2. Bon Iver – For Emma, Forever Ago
Recorded in a remote hunting cabin during a stint of mononucleosis, Bon Iver’s debut album For Emma, Forever Ago is as vulnerable and honest as an album could possibly be. The work of principal driving force Justin Vernon has folk-inspired ballads layered in heavy choral melodies, utilising vocal effect to the absolute fullest to create a soundscape designed for the purpose of beautiful isolation. Skinny Love ultimately became a widespread success of a single and is simply a cherry atop the beautiful cake that is this debut album.

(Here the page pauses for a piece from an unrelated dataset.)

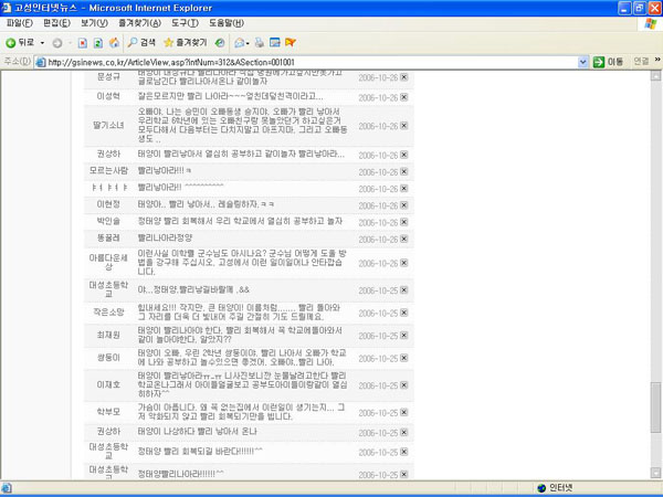 관련한 보도를 접한 많은 군민과 학생들이 댓글을 달고 격려를 보내는
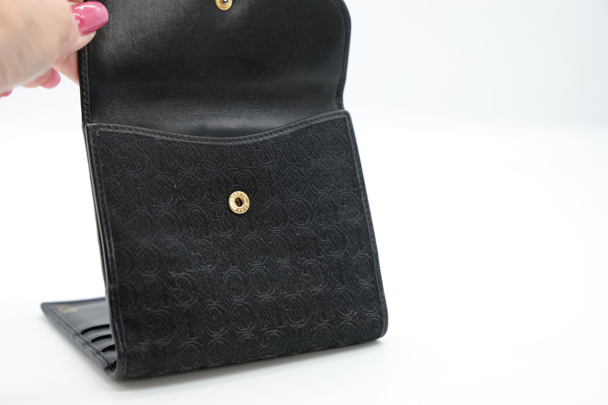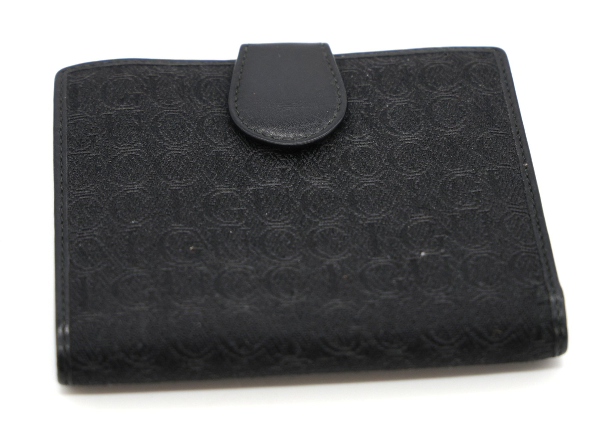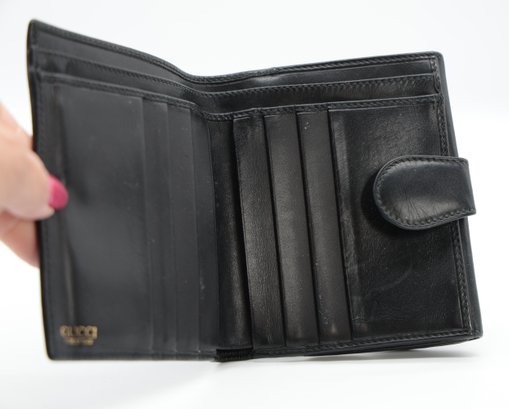 Vintage Authentic GUCCI Wallet With "GG" Monogram , canvas outside, soft leather inside. Coin compartment. , 2 parts for paper money and eight compartments for cards.

1. Kanye West – 808’s & Heartbreak
The album that re-shaped the mould of hip-hop, R&B and accessible radio music for all of eternity. It could be argued that the intention and importance of this album’s sound outshines the overall quality front-to-back; but the way in which Kanye West conducts his vision on 808’s & Heartbreak is nothing short of mesmerising. He has Heartless and Love Lockdown on here as the major selling hits, the catchy bops designed to map out the album’s context; but it’s the haunting qualities of Welcome To Heartbreak and the whimsical aurora of Amazing that makes this album a classic. Without this album we wouldn’t be seeing the new wave of rappers and even singers doing what they have been doing these days, that much is an undeniable fact given just how many artists cite it as a major influence.